═══ Given information

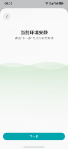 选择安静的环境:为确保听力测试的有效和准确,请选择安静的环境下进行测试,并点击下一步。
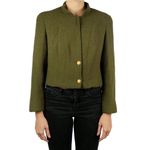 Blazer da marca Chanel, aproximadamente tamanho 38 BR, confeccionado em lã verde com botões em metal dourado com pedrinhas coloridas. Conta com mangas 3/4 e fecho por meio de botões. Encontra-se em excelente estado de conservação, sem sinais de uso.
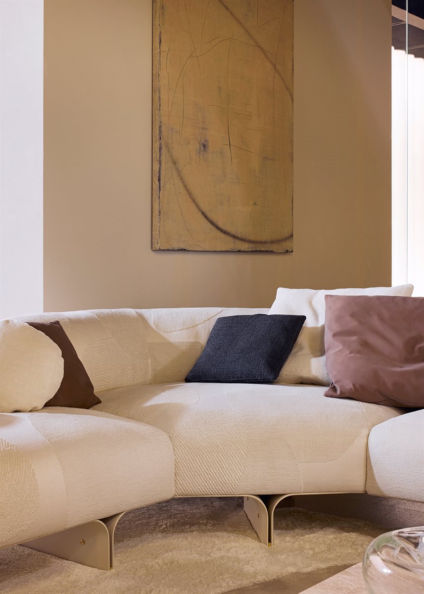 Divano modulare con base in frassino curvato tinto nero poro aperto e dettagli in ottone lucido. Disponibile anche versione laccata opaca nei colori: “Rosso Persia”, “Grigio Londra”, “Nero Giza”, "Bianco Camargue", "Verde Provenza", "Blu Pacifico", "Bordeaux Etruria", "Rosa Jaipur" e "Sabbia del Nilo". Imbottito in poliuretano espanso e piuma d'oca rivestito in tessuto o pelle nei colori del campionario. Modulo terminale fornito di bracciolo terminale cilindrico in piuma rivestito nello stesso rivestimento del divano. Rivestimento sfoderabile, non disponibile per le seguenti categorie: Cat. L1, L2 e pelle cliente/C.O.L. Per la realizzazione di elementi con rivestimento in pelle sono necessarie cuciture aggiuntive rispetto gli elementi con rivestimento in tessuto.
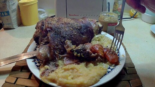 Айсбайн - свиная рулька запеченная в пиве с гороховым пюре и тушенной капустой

══════
═══ Given information

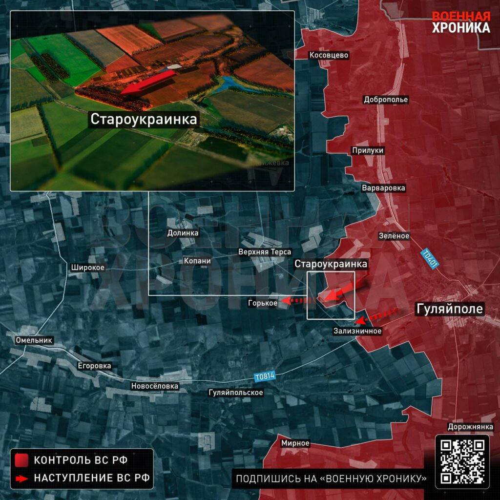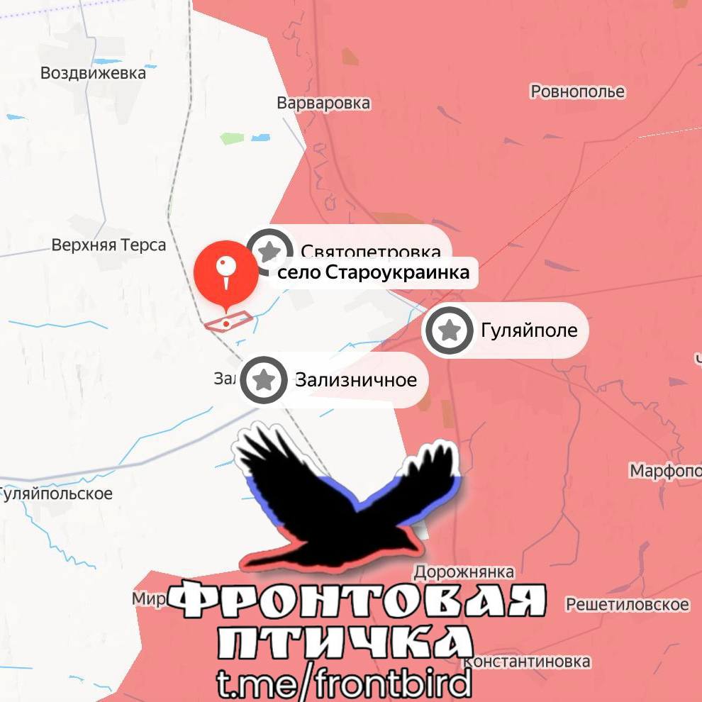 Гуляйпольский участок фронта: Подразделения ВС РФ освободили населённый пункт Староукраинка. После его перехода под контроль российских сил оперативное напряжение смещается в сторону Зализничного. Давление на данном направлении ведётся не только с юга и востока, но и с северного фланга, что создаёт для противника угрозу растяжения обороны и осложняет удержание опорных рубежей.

══════

Directions for this task
After locating the line containing "选择安静的环境:为确保听力测" in the entries above, return it and every line after it exactly, ending at the line containing "Айсбайн - свиная", without pictures.

Solution to this exercise
 选择安静的环境:为确保听力测试的有效和准确,请选择安静的环境下进行测试,并点击下一步。
 Blazer da marca Chanel, aproximadamente tamanho 38 BR, confeccionado em lã verde com botões em metal dourado com pedrinhas coloridas. Conta com mangas 3/4 e fecho por meio de botões. Encontra-se em excelente estado de conservação, sem sinais de uso.
 Divano modulare con base in frassino curvato tinto nero poro aperto e dettagli in ottone lucido. Disponibile anche versione laccata opaca nei colori: “Rosso Persia”, “Grigio Londra”, “Nero Giza”, "Bianco Camargue", "Verde Provenza", "Blu Pacifico", "Bordeaux Etruria", "Rosa Jaipur" e "Sabbia del Nilo". Imbottito in poliuretano espanso e piuma d'oca rivestito in tessuto o pelle nei colori del campionario. Modulo terminale fornito di bracciolo terminale cilindrico in piuma rivestito nello stesso rivestimento del divano. Rivestimento sfoderabile, non disponibile per le seguenti categorie: Cat. L1, L2 e pelle cliente/C.O.L. Per la realizzazione di elementi con rivestimento in pelle sono necessarie cuciture aggiuntive rispetto gli elementi con rivestimento in tessuto.
 Айсбайн - свиная рулька запеченная в пиве с гороховым пюре и тушенной капустой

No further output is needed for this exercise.